不如剪秋好用。
皇后眼底闪过一丝烦躁,眉宇间难免带出来一些神情,绣夏和染冬被吓了一跳,一个个缩着脖子不敢说话。
皇后看到这一幕心里更气,摆摆手,“你们出去吧,本宫想一个人静静。”
“是。”
两人悄无声息的退出殿内,皇后睁眼看了一眼,随后又闭上眼。
心里将今日的事在心里过了一遍,苦笑,她以为自己是猎人,没想到打了一辈子鹰,反倒被鹰啄了眼。
是她小瞧了余氏。
但她实在不知道自己错在了哪里,明明一切都和以前一样,为什么这次就会被发现。
要不是剪秋当机立断,用自己一条命逼的皇上不得不放弃继续查下去,自己这次说不定也会交代进去。

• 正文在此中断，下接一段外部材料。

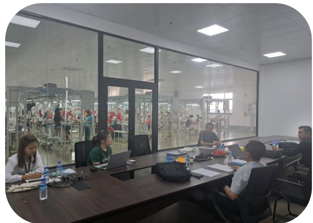
Sincere Season (Myanmar) Garment Co., Ltd
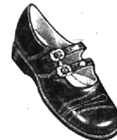
The two strap with a welt sole gives good support and long wear.
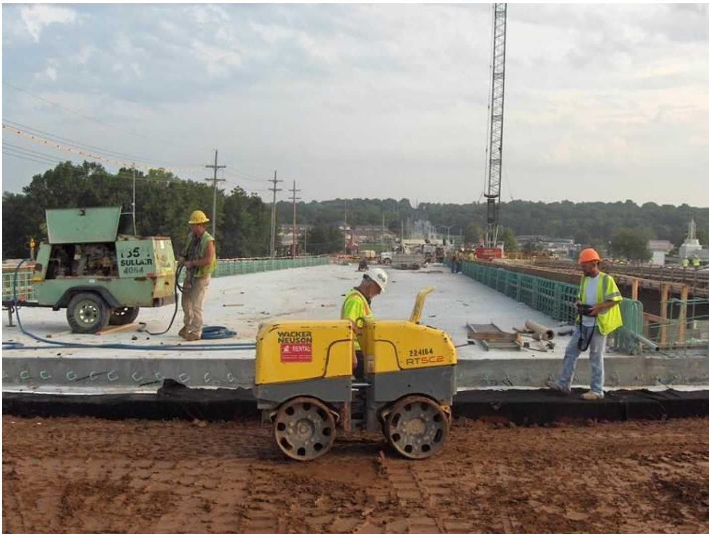
A September 9th look at the new Roe Avenue bridges over I-435. This photo shows the end of the bridge deck awaiting upcoming tie-in pavement work with existing Roe Avenue roadway and interchange ramps.

News Contact: Kimberly Qualls, (785) 640-9340 or kqualls@ksdot.org

但现在也好不到哪里去,皇上明显怀疑上了自己,只是还没有证据而已。
证据……
皇后神情肉眼可见的放松下来,是了,她的好姑母是不会让皇上找到自己的证据的,只要没有证据,皇后就只会是我。
皇后缓缓吐了口气,起身走到书案后,写字能让她静心。
她要好好想想自己接下来该怎么做,还有余氏,今日这件事不会轻易过去的。
为什么从来都胜券在握的计划在遇到余氏以后会失败的这么快,余氏做了什么自己不知道的?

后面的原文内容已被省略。